Again, we see most donations originate very close to their recipients. After 100 miles or less, the giving rate evens out to a relatively low frequency with a couple of odd spikes that may correspond to the distances between major population centers. This graph nicely illustrates two different uses of DonorsChoose.org. First, it allows far away people to discover and donate to worthy projects thousands of miles distant. Second, it provides a highly convenient method of donation for people nearby.

Social distance

One thought that might have occurred to you when looking at the last graph was that it actually conflates two different types of psychological distance: spatial and social. Since many teachers are likely embedded in the communities in which they teach - and perhaps even grew up nearby - the people who are spatially close to them are also socially close to them. How then can we be certain that both spatial and social distance are contributing to the effect of distance observed above?

We could try to compare teacher and donor at the level of zip code demographics, but this would be an extremely coarse approach. Fortunately, another variable in the DonorsChoose dataset comes to our aid here: we know which teachers belong to the Teach for America program. Since this program often dispatches teachers to high-need areas far from home, it nicely disentangles social and spatial distance for us by separating teachers from their native social milieu. Below we see donor numbers grouped by spatial distance and Teach for America (TFA) status.

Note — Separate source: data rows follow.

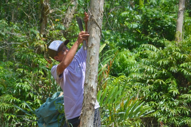 Anh Nhân đi tìm vỏ tràm ở những cây tràm có độ tuổi trung bình 3-5 năm về làm tranh. Ảnh: NGUYỄN DƯƠNG
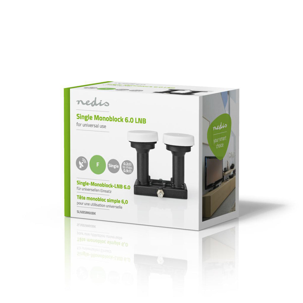 Monteer deze Nedis® LNB single monoblock 6.0 op installaties die een superieure signaalsterkte- en kwaliteit vereisen. Hij vermindert het ruisgetal; deze varieert tussen 0,2 dB en 0,9 dB.
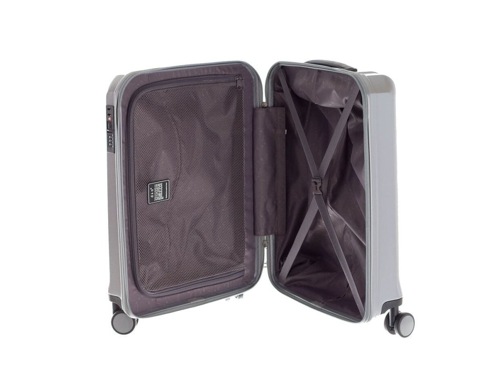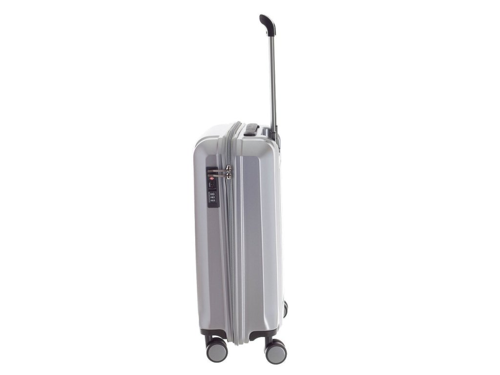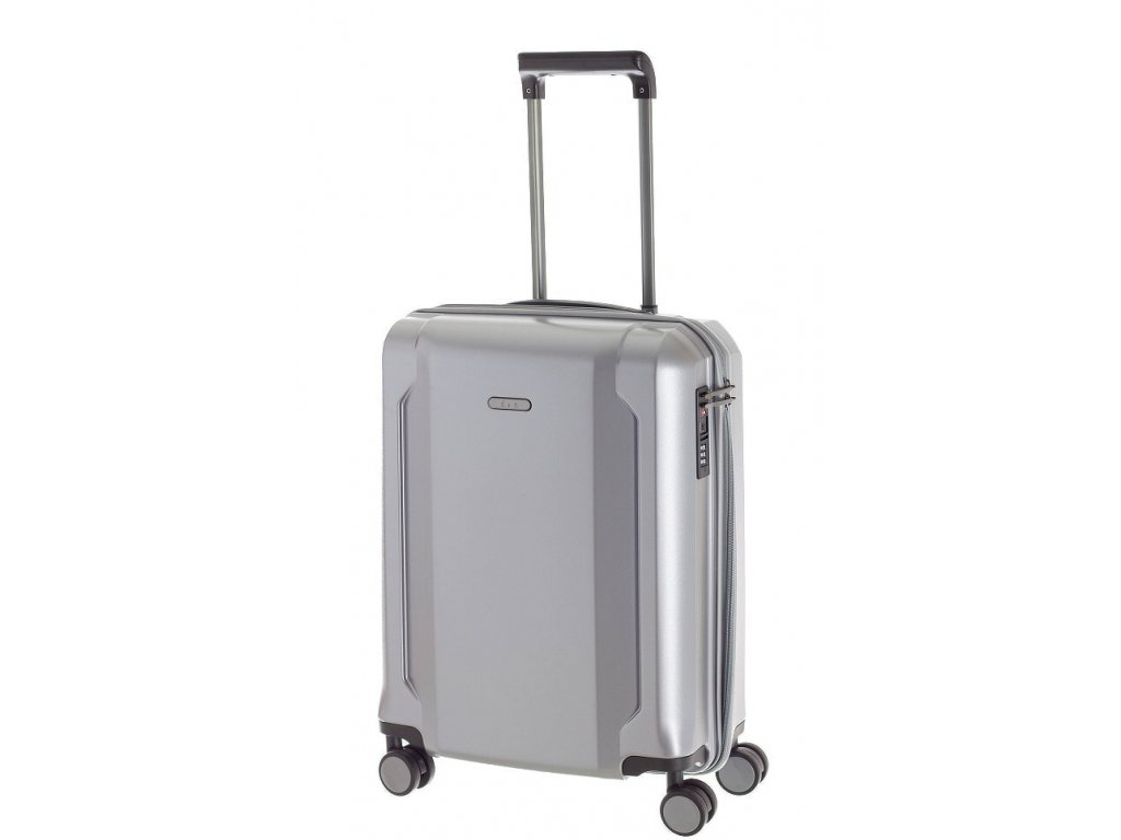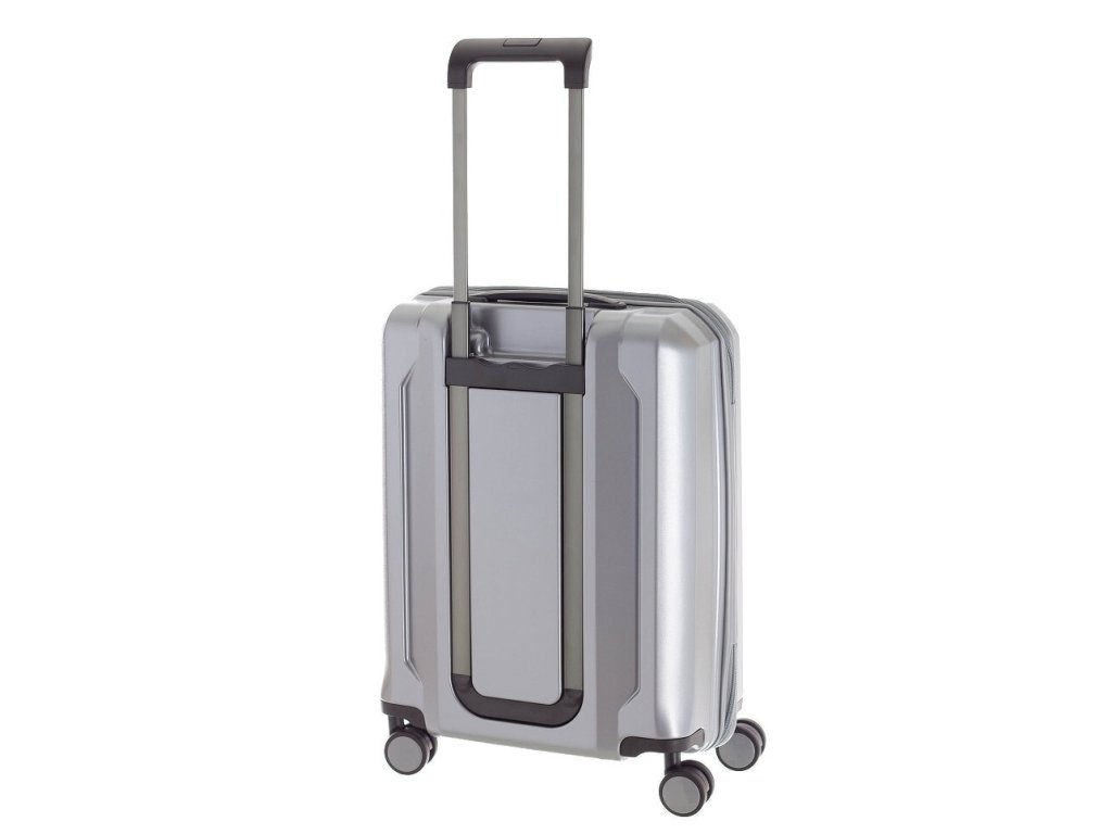 Moderní polykarbonátový kufr 54 cm německé značky D&N ve stříbrné barvě s plně integrovaným tsa zámkem a čtyřmi kolečky.- Horní madlo pro nošení v ruce.
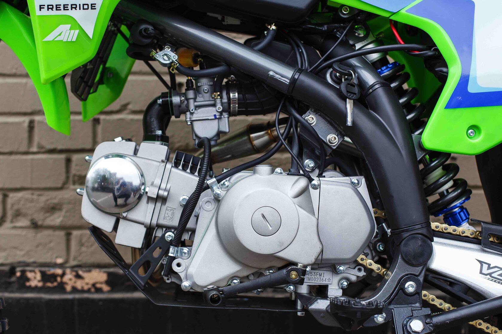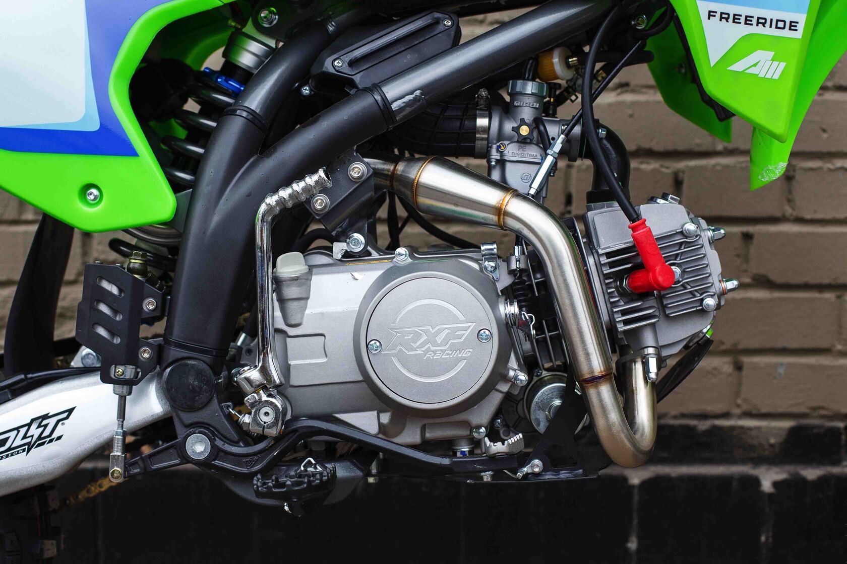 Представляем Вам обновленный RXF Freeride 125 LE 19/16. Модель обзавелась фарой, электростартером и также получила обновленный дизайн графики.RXF Freeride 140 L – по праву считается отличным выбором из линейки Freeride. Мотор YX 125 с электростартером достаточно мощный и тяговитый, чтобы не дать скучать опытным райдерам, но в тоже время достаточно покладистый и безопасный для новичков. На обновленном Freeride теперь есть фара головного света, которая идет в комплекте с питбайком.

We use a 100 mile radius to bisect the distance distribution here because, in addition to being a nice round number, it nearly evenly divides the donations to the (much larger group of) non-TFA teachers. This allows us to clearly see that TFA teachers get a substantially larger proportion of their donations from distant donors than non-TFA teachers. The difference illustrates the effect of social distance, since it likely reflects the teachers' (socially close) friends and family giving money from (spatially) far away. However, note that even the TFA teachers get a hugely disproportionate number of their donations from nearby: if spatial distance didn't influence donations we would expect less than 10% of donations to come from within 100 miles, even in the most populous regions in the country. Thus we can safely conclude that both spatial and social proximity lead to greater giving.

Conclusion

Using data from DonorsChoose.org, we've seen how psychological distance can influence rates of charitable giving. Consistent with our scientific understanding of psychological distance, social, spatial, and temporal distance all pushed donors in the same direction. In addition to supporting psychological theory, these results might contain a practical lesson for teachers posting to DonorsChoose. Since spatial and temporal distance are inevitabilities, it suggests that emphasizing one's social similarity to a broad range of donors might be a profitable strategy to increase donation numbers.

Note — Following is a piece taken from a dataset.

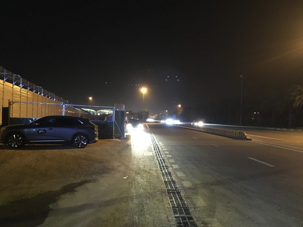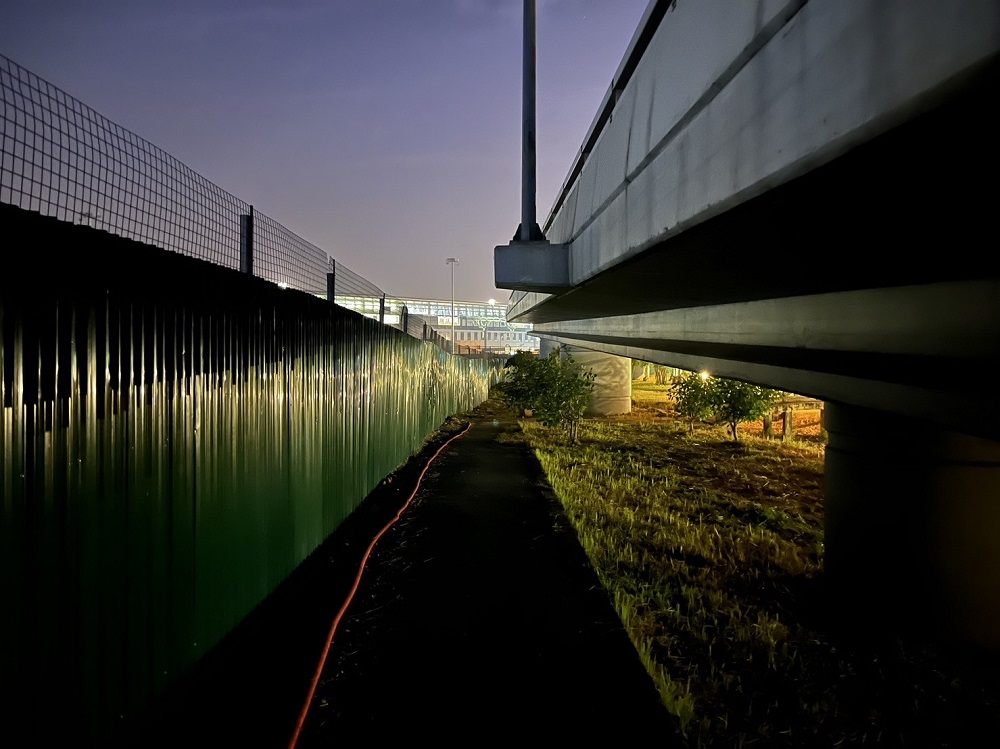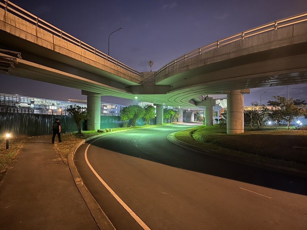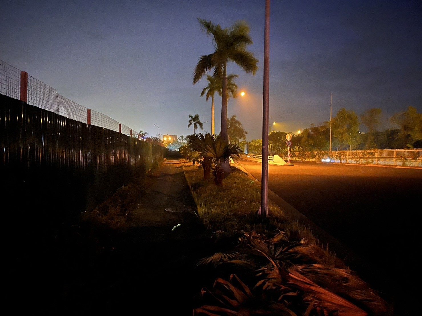 心配していた街灯の明るさですが、煌々とライトが照らされて足元もしっかり見えるくらい明るかったので安心です。心配していた歩道ですが、ホテルから空港方面を見る分には歩道があるようでした。ただこの時点では途中空港に入って行く空港ゲートから先の道の道路状況は分かりません。
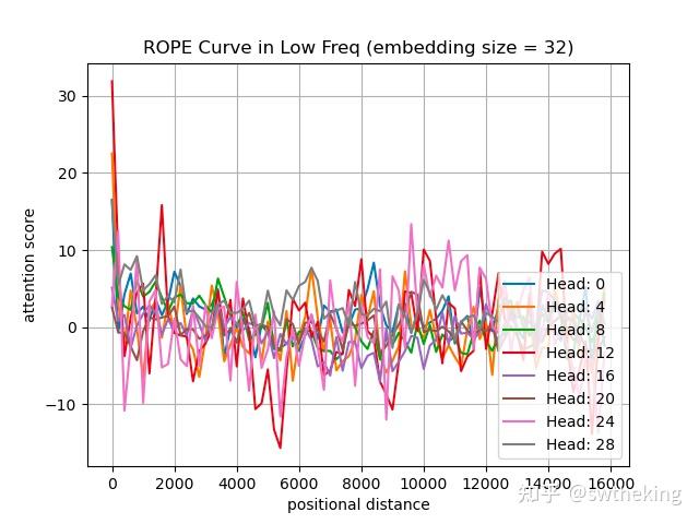 在低频32维度,attention score变化如下:

I am sometimes asked why I use data science/big data/web-scraping techniques as a psychology researcher. The behavioral and neuroscientific tools at my disposal certainly give me much more precise means of assaying people's thoughts and neural computations, so why bother with the relatively crude measurements of the web?

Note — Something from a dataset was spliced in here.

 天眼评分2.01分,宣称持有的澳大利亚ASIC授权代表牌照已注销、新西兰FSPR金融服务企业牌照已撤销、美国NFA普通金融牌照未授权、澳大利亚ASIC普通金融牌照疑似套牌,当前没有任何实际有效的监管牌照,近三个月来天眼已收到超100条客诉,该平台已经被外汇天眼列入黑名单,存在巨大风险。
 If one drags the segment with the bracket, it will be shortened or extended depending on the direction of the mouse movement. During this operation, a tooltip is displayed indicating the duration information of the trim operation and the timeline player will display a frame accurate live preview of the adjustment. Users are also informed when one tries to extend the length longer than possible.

Part of the answer is that I like playing with data, and the methods necessary for working with web data overlap quite a bit with the skills one develops running and analyzing fMRI experiments. However, the more substantive answer, in my opinion, is that the combination of neuroimaging and web research nicely bracket the spectrum of possible data sources. On one hand, fMRI lets me minutely examine the brains of small groups of individuals under tightly controlled laboratory conditions. On the other, web research allows me to study the real world behavior of very large groups of people. Demonstrating convergence between the two, such as we've seen here, strikes me as far more compelling evidence than either source in isolation.